Dr. Ir. Suprayoga Hadi, MSP. memberikan gambaran tugas dan fungsi Direktorat Jenderal Pengembangan Daerah Tertentu (PDT) kepada seluruh peserta Bimtek. Yang dimaksud dengan “Daerah Tertentu” adalah daerah yang memiliki karakteristik khusus seperti daerah rawan pangan, daerah rawan konflik, pulai kecil dan terluar, daerah rawan bencana dan daerah perbatasan. Berdasarkan Perpres No. 12 tahun 2015 tentang Kemendes PDTT bagian ke lima pasal 15, Dirjen PDT mempunyai tugas menyelenggarakan perumusan dan pelaksanaan kebijakan di bidang pengembangan daerah rawan pangan, daerah perbatasan, daerah rawan bencana dan pasca konflik, serta daerah pulau kecil dan terluar sesuai ketentuan peraturan perundang-undangan.

Dalam Peraturan Menteri DPDTT No. 6 tahun 2015 tentang Organisasi dan Tata Kerja Kemendes PDTT, Ditjen PDT memiliki 2 tugas yakni pengembangan daerah (perbatasan dan pulau kecil & terluar), serta penanganan daerah (rawan pangan, rawan bencana, rawan konflik). Keseluruhan tugas Ditjen PDT berfokus pada peningkatan derajat kesejahteraan masyarakat untuk mencapai kemandirian daerah, serta meningkatkan derajat ketahanan Pemda dan masyarakat dalam menghadapi kerawanan.

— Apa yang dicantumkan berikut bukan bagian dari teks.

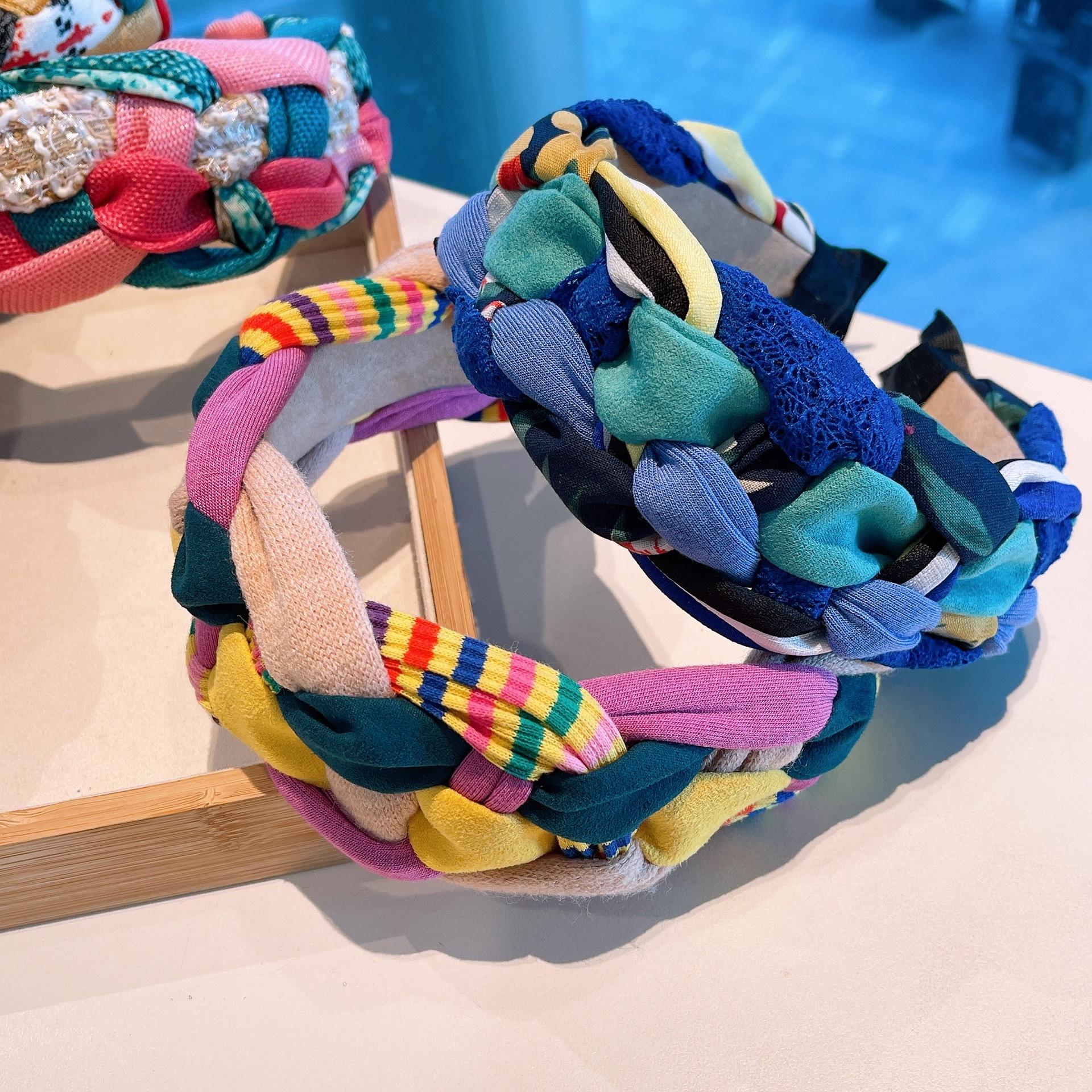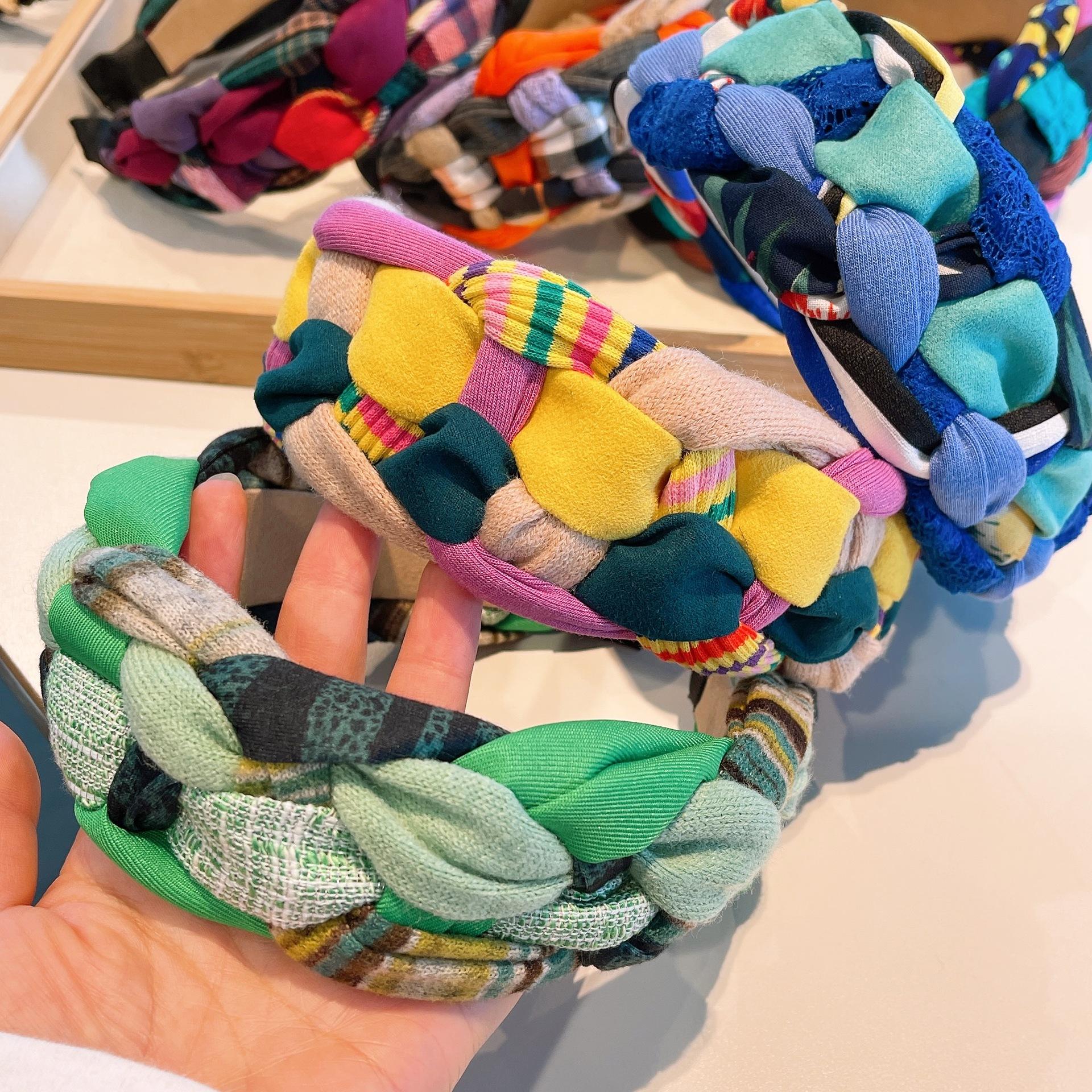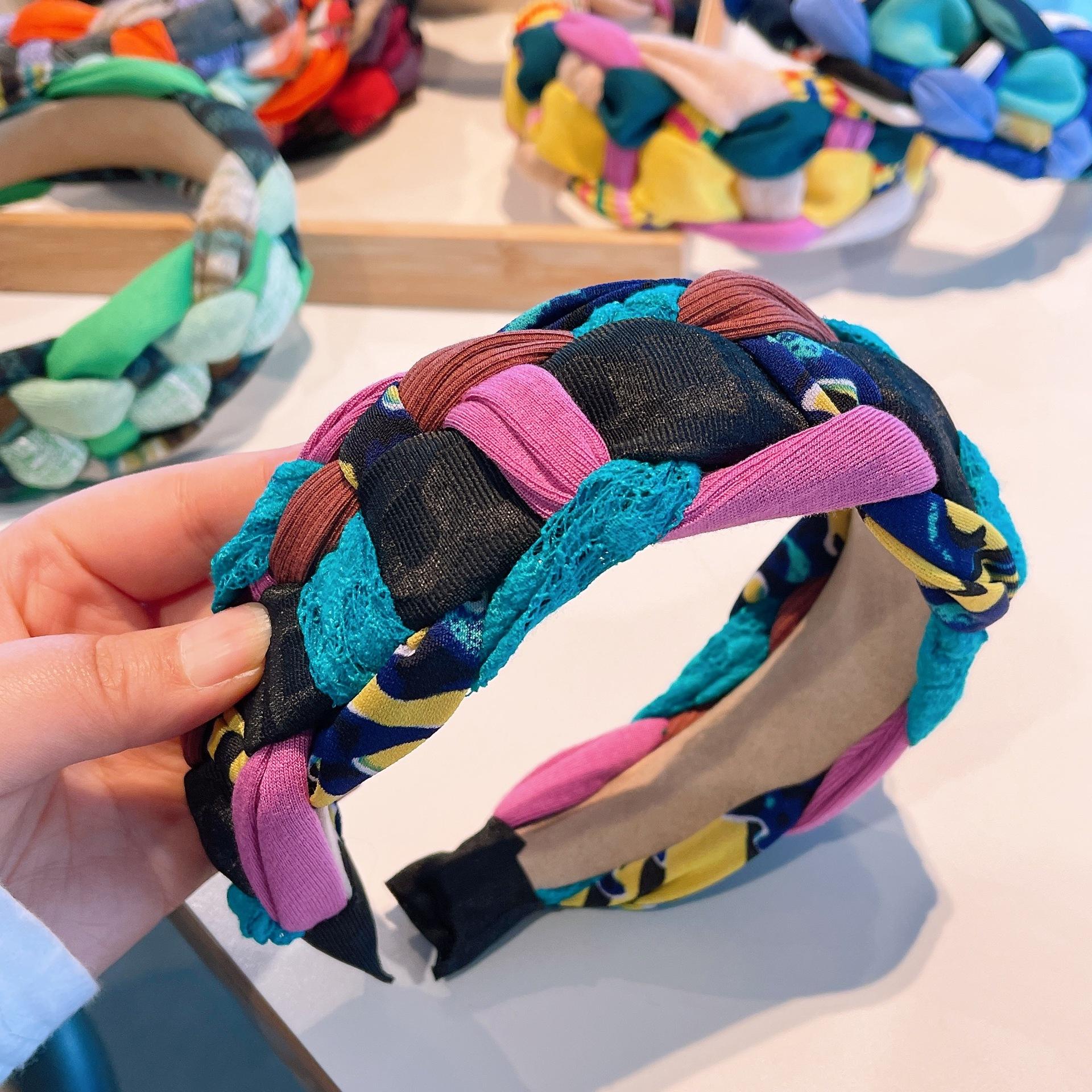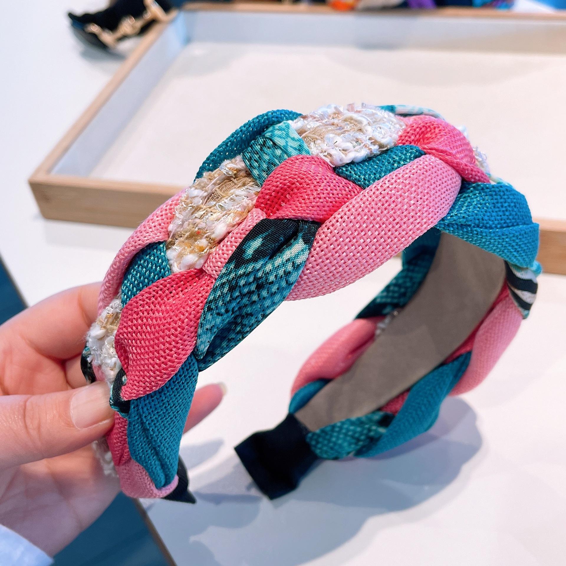 Diadema con estampado bohemio, nueva diadema europea y americana con lazo de doble capa y lunares, diadema ancha de malla con borde ancho.

Pokok Rencana Strategis 2015-2019 PDT memuat 6 pilar utama, meliputi :

1) What :

  1. Ketimpangan pembangunan di Indonesia
  2. Indeks kemiskinan lebih tinggi di wilayah timur Indonesia
  3. Satuan perangkat administrasi pemerintahan terkecil belum dilibatkan secara maksimal dalam proses pembangunan

2) Where :

  1. 57 kabupaten rawan pangan,
  2. 187 lokasi prioritas di 41 kabupaten perbatasan,
  3. 29 kabupaten yang memiliki pulau terpencil dan terluar,
  4. 58 kabupaten rawan bencana, dan pascakonflik,
  5. Prioritas DT dan KTI

3) Why :

  1. Masih rendahnya kualitas sumberdaya manusia dan tingkat kesejahteraan masyarakat di daerah tertinggal;
  2. Terbatasnya ketersediaan sarana dan prasarana publik dasar di daerah tertinggal;
  3. Rendahnya produktivitas masyarakat di daerah tertinggal;
  4. Belum optimalnya pengelolaan potensi sumberdaya lokal dalam pengembangan perekonomian di daerah tertinggal;
  5. Kurangnya aksesibilitas daerah tertinggal terhadap pusat-pusat pertumbuhan wilayah;
  6. Belum adanya insentif terhadap sektor swasta dan pelaku usaha untuk berinvestasi di daerah tertinggal.

4) How :

  1. Peningkatan produksi, distribusi dan diversifikasi pangan utama/pokok pada 57 daerah rawan pangan
  2. Pembangunan dan pengembangan konektifitas dan penyediaan sarana parsarana dasar di 41 daerah perbatasan Negara
  3. Peningkatan konektifitas dan sarana prasarana dasar di 29 kabupaten yang memiliki pulau kecil dan pulau terluar Prioritas DT dan KTI
  4. Pengembangan mitigasi dan pembangunan serta rehabilitasi daerah rawan bencana dan pembangunan serta rehabilitasi fisik dan sosial pada daerah rawan konflik

5) Who : Masyarakat Indonesia di 122 Kabupaten Daerah Tertinggal dan Wilayah KTI, Pemerintah  Pusat, Pemerintah Daerah dan stakeholders

6) When : 2015-2016

Di akhir periode tahun 2019, diharapkan outcomes yang telah ditargetkan dapat tercapai, yakni terentaskannya 80 Kabupaten Daerah Tertinggal pada Tahun 2019, 5.000 desa lepas dari ketertinggalan dan 2.000 Desa Mandiri. Sinergi antar lembaga dan kerja keras diperlukan untuk mencapai target tersebut. Kementerian PDT merancang kegiatan penanganan daerah rawan pangan dengan fokus pada peningkatan ketersediaan, distibusi dan pemanfaatan pangan melalui peningkatan produktifitas pangan pokok dan sumber pangan lokal, akses dan penganekaragaman produk pangan. Lokus kegiatan pada prioritas penanganan daerah rawan pangan pada klasters 1-3 peta kerawanan dan kerentanan pangan tahun 2015. Menu fasilitasi meliputi pembangunan/peningkatan embung untuk irigasi, pembangunan/peningkatan sumur bor untuk irigasi, pembangunan/peningkatan gudang cadangan pangan, serta bantuan input produksi (bibit padi, jagung, umbi-umbian dan pupuk).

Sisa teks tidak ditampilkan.